- _Assignment_: Return only the stretch of the material below that begins with the line containing "This gorgeous necklace" and ends with the line containing "同本义〖citywall〗。", exactly; both of those lines belong to it.

- _Record extracts_:
_ _ _ _ _
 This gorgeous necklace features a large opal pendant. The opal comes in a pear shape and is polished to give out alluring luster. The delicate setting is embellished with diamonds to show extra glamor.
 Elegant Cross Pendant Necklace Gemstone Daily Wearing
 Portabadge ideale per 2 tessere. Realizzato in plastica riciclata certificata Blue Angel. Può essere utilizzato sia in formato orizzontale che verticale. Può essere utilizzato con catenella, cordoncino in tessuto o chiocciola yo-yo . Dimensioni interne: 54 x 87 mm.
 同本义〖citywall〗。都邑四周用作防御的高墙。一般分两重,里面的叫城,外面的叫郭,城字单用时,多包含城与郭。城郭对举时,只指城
_ _ _ _ _
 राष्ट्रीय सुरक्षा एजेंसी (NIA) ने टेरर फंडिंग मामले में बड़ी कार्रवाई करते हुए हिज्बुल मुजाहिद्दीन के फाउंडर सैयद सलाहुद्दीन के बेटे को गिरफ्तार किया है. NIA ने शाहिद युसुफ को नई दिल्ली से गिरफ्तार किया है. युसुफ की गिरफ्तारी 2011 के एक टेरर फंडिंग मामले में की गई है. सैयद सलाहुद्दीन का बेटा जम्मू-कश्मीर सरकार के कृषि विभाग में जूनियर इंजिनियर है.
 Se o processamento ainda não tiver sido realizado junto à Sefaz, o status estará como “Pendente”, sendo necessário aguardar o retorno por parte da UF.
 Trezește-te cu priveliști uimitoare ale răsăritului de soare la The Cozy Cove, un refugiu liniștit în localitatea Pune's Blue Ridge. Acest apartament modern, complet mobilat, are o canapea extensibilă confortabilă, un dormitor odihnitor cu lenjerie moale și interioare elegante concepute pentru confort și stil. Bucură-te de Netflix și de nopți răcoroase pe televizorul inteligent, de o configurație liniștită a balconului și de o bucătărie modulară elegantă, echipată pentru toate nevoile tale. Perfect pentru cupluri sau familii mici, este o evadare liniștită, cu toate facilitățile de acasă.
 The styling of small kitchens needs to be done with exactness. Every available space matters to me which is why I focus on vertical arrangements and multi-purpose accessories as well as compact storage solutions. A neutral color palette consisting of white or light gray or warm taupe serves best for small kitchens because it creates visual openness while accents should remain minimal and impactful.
_ _ _ _ _
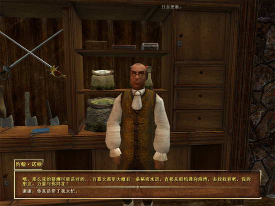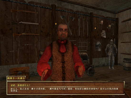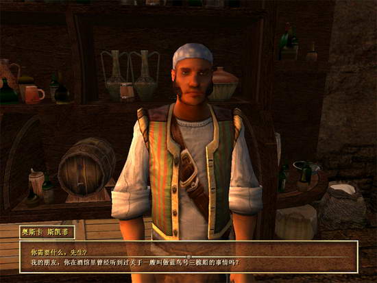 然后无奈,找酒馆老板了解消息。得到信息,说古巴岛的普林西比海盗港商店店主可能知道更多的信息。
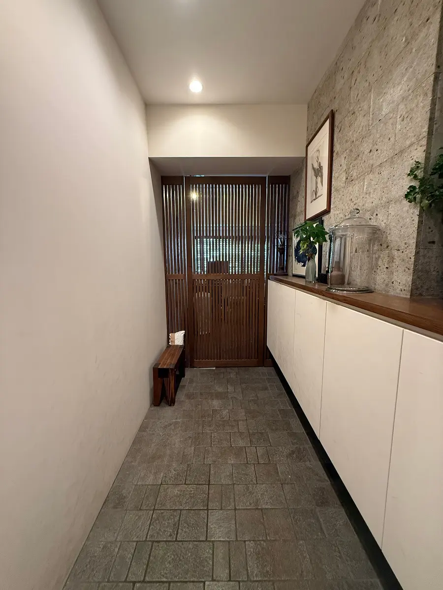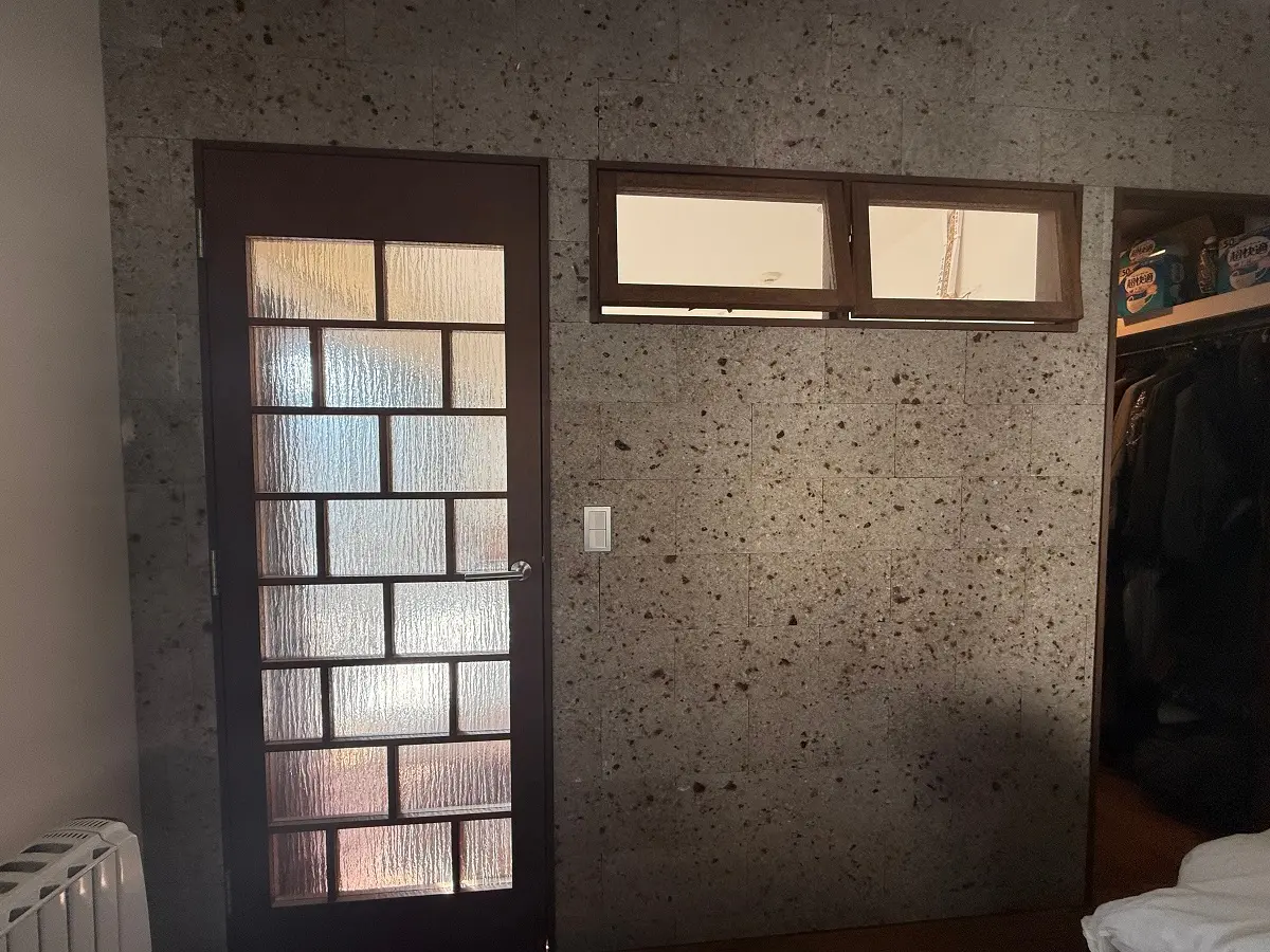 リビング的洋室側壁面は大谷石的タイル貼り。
_ _ _ _ _
- _Task response_:
 This gorgeous necklace features a large opal pendant. The opal comes in a pear shape and is polished to give out alluring luster. The delicate setting is embellished with diamonds to show extra glamor.
 Elegant Cross Pendant Necklace Gemstone Daily Wearing
 Portabadge ideale per 2 tessere. Realizzato in plastica riciclata certificata Blue Angel. Può essere utilizzato sia in formato orizzontale che verticale. Può essere utilizzato con catenella, cordoncino in tessuto o chiocciola yo-yo . Dimensioni interne: 54 x 87 mm.
 同本义〖citywall〗。都邑四周用作防御的高墙。一般分两重,里面的叫城,外面的叫郭,城字单用时,多包含城与郭。城郭对举时,只指城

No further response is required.